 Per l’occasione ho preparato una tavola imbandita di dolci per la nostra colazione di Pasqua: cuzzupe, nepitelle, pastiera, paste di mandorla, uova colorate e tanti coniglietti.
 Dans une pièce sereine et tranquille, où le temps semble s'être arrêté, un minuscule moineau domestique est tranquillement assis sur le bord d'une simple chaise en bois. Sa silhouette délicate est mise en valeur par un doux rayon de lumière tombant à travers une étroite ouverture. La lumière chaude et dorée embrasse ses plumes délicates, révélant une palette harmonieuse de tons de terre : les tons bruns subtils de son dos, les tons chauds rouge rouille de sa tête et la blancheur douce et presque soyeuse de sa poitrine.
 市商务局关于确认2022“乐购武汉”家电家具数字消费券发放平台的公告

---

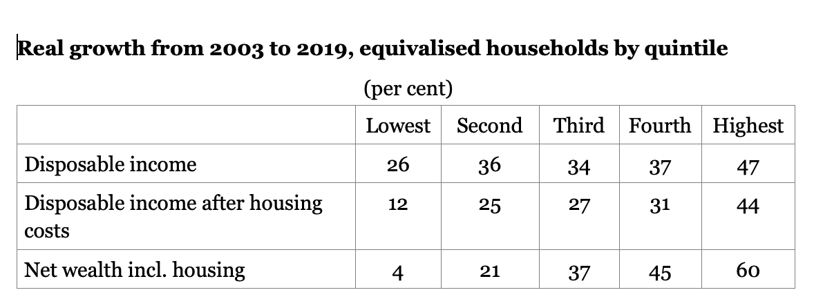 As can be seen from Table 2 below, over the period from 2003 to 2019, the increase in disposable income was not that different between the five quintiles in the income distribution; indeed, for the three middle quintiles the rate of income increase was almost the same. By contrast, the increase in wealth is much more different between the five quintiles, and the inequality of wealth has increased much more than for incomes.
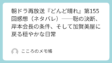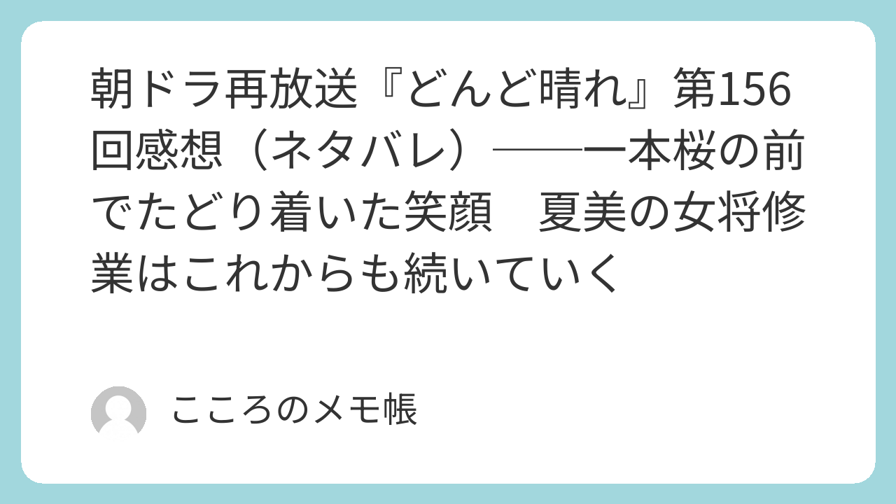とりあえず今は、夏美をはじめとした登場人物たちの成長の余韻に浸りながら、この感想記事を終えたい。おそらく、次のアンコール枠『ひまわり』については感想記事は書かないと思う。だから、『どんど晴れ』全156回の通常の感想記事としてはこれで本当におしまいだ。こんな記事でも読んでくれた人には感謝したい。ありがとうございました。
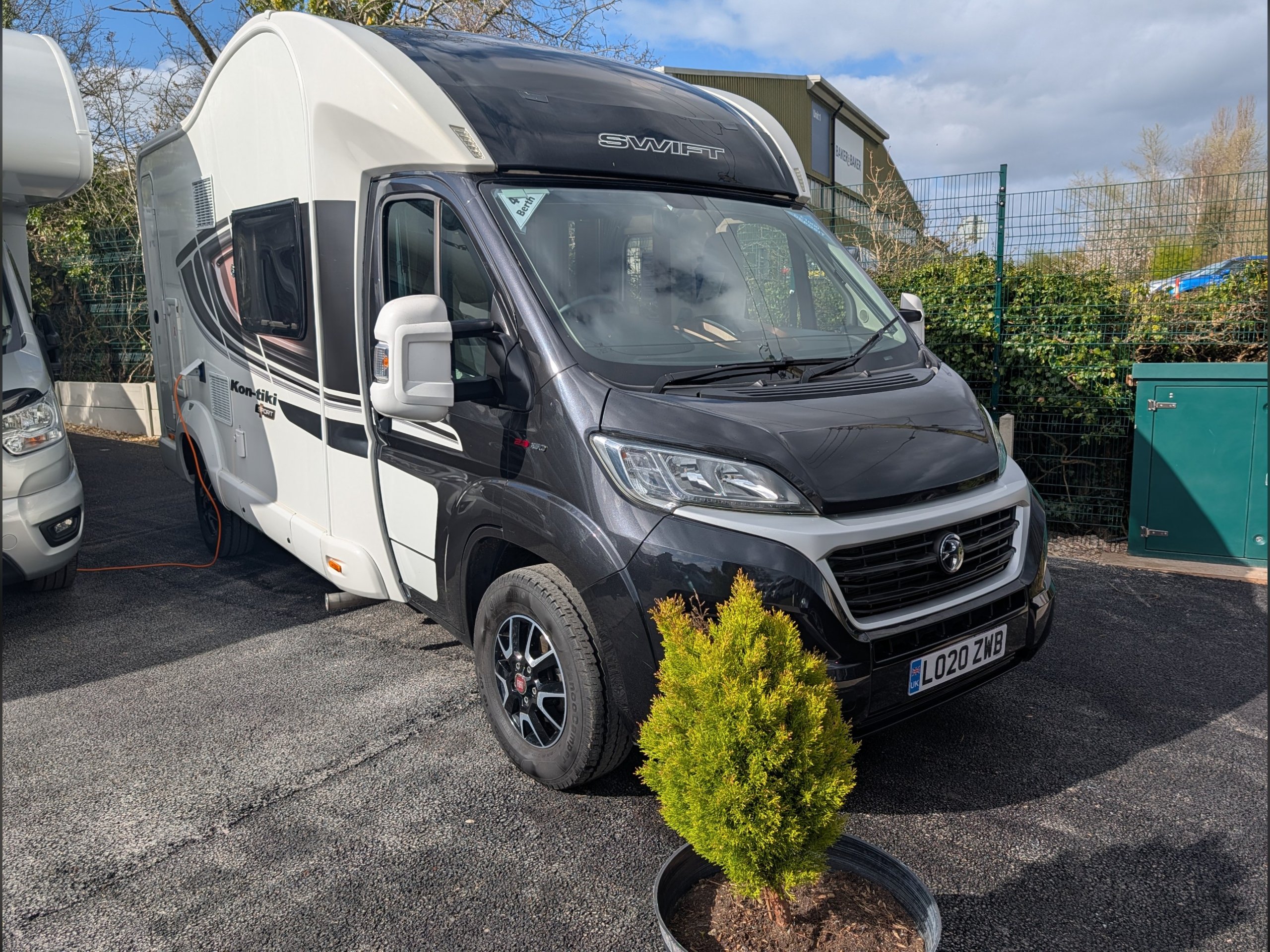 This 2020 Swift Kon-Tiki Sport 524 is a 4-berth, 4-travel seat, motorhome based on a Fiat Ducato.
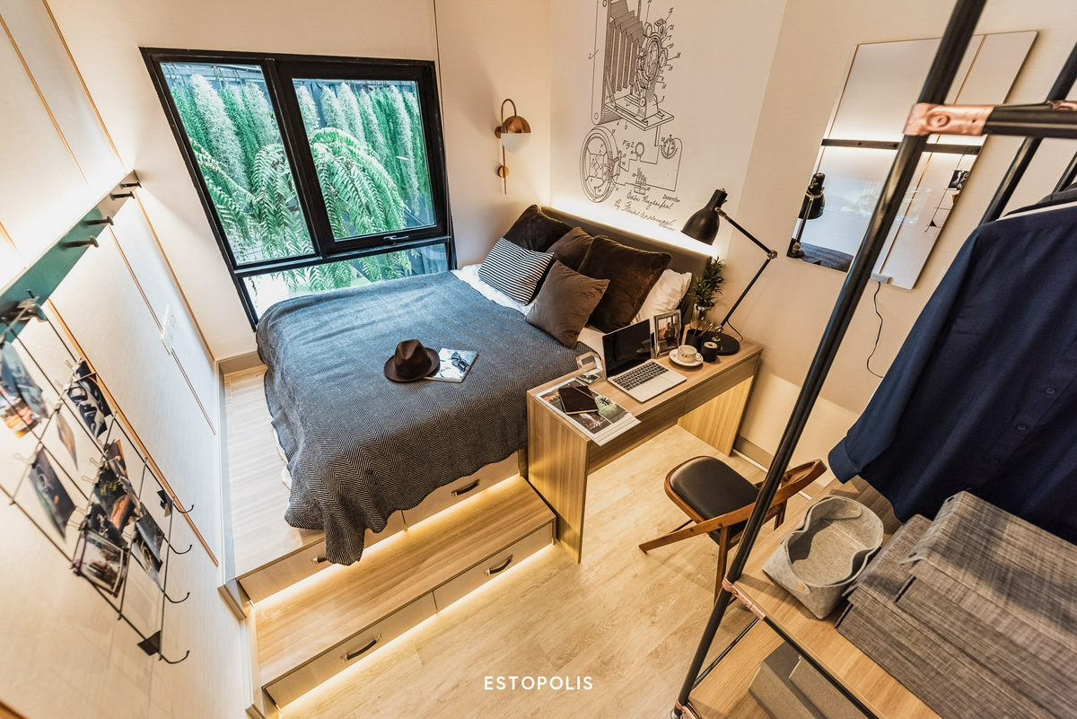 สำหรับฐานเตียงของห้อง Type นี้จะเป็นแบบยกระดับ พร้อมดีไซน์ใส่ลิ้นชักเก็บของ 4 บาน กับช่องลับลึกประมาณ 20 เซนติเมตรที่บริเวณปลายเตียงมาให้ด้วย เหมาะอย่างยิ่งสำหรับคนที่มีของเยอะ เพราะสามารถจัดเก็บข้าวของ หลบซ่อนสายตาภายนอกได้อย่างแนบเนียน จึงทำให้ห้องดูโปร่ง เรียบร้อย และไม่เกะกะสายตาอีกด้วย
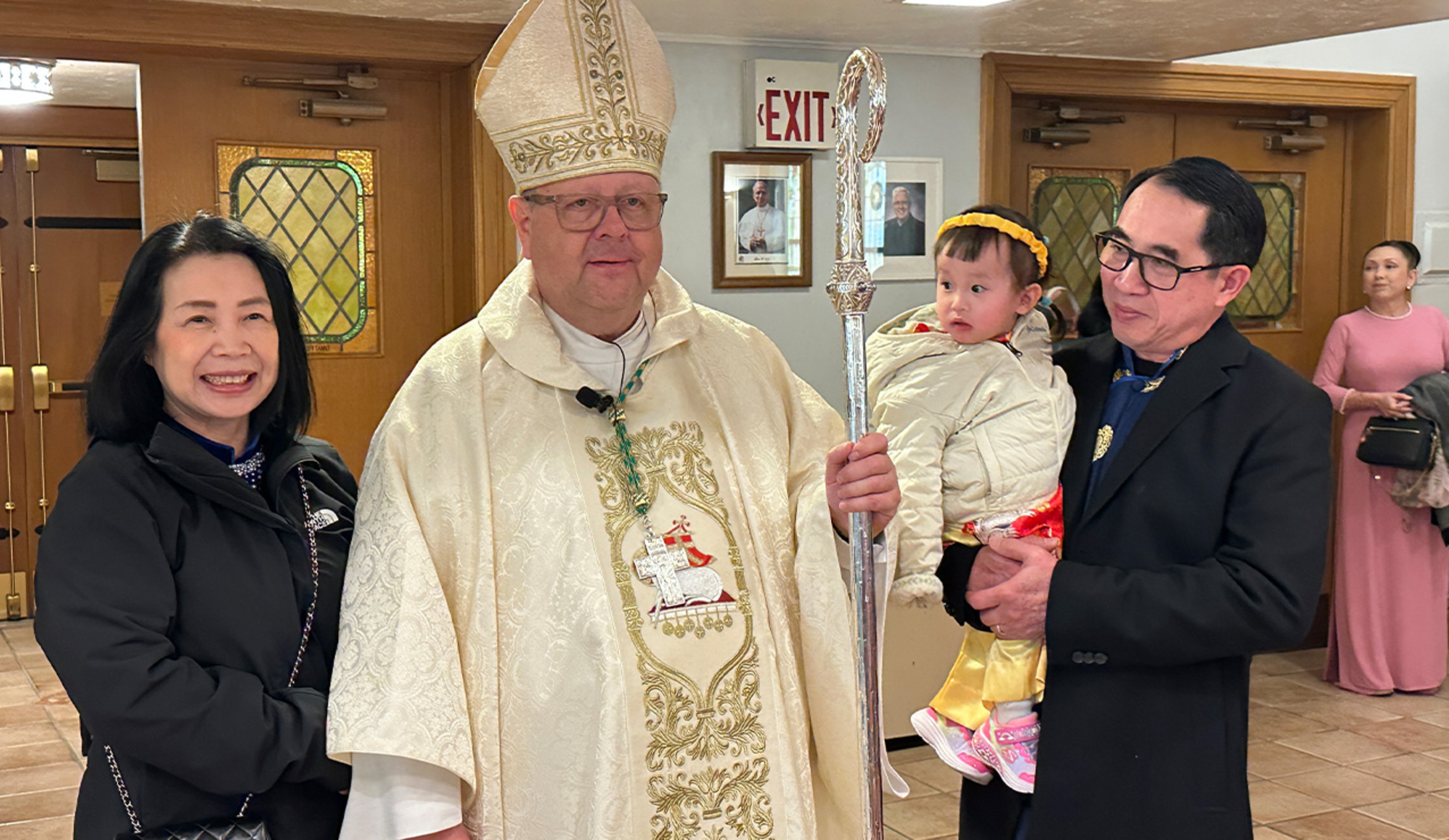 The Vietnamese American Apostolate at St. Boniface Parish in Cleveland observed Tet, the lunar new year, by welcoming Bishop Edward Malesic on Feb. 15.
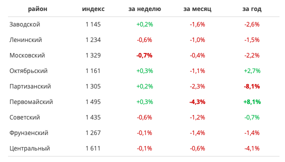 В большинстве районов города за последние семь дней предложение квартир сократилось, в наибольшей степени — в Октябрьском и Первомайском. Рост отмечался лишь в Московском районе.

WHAT TO DO:
Take only the lines above from the one that has "This 2020 Swift" through the one that has "В большинстве районов" and reproduce them exactly, omitting any pictures.

RESPONSE BELOW:
 This 2020 Swift Kon-Tiki Sport 524 is a 4-berth, 4-travel seat, motorhome based on a Fiat Ducato.
 สำหรับฐานเตียงของห้อง Type นี้จะเป็นแบบยกระดับ พร้อมดีไซน์ใส่ลิ้นชักเก็บของ 4 บาน กับช่องลับลึกประมาณ 20 เซนติเมตรที่บริเวณปลายเตียงมาให้ด้วย เหมาะอย่างยิ่งสำหรับคนที่มีของเยอะ เพราะสามารถจัดเก็บข้าวของ หลบซ่อนสายตาภายนอกได้อย่างแนบเนียน จึงทำให้ห้องดูโปร่ง เรียบร้อย และไม่เกะกะสายตาอีกด้วย
 The Vietnamese American Apostolate at St. Boniface Parish in Cleveland observed Tet, the lunar new year, by welcoming Bishop Edward Malesic on Feb. 15.
 В большинстве районов города за последние семь дней предложение квартир сократилось, в наибольшей степени — в Октябрьском и Первомайском. Рост отмечался лишь в Московском районе.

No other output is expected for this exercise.